Après voir résumé le sens du propos, montrez la raison de sa progression.

Le passage aux lois marque l'apparition d'un ordre juridique garanti par le pouvoir politique. Les hommes écrivent les règles d'après lesquelles ils veulent vivre et les organisent dans une constitution. Les lois obligent, autorisent ou interdisent. Leur invention est le signe d'une société qui a une conscience plus développée d'elle-même et qui ne veut plus vivre selon des coutumes transmises oralement. Une loi peut être abrogée ou modifiée.

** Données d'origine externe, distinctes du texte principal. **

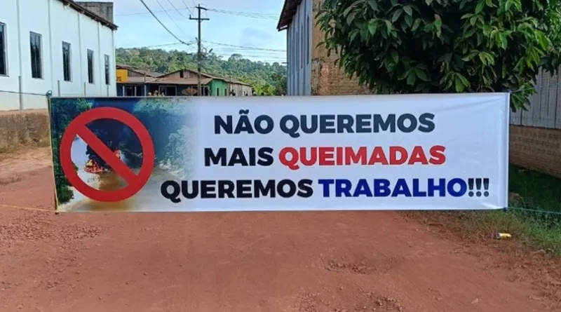 Os manifestantes pedem o fim de uma operação ambiental que veem destruindo maquinas de garimpo na região.

B. Le sens de cette origine

Une phrase lapidaire indique le terme de la démarche : « Telle fut l'origine de la justice. » Ce point appelle des commentaires. La loi a une fonction organisatrice. Elle doit être un facteur de coopération. Elle encadre les actions de telle sorte que « le besoin de se réunir » soit satisfait. Elle règle les échanges et veille à ce que chacun reçoive la part qui lui est due. Aristote parle en ce dernier sens de justice distributive, à laquelle il donne une fonction essentiellement répressive. Son but est de sanctionner les manquements au droit et à l'honnêteté moyennant des lois qui fixent les peines et qu'un pouvoir – celui du dirigeant – fait appliquer. Ce texte est donc sous-tendu par une vision de la nature humaine. Les hommes ont un sens moral, mais ils sont surtout capables de se nuire au mépris du bien qu'ils ont reçu. Ils doivent craindre les sanctions. Nous en concluons que si les hommes étaient parfaitement moraux, les lois et donc la justice seraient inutiles.

Conclusion

L'analyse du texte a montré que Machiavel organise rigoureusement son propos. Si le hasard est le point de départ de tout, car les hommes auraient pu s'éteindre et ne pas former de sociétés, la création de celles-ci déclenche des processus qui ont tous la marque de la nécessité. Le propos de Machiavel s'élève des besoins matériels aux sentiments moraux et s'achève en faisant apparaître l'idée de justice. Cette histoire du genre humain est logique et l'absence de référence à la thèse d'une Providence montre que la justice est ici une norme dont la nature est exclusivement humaine et sociale.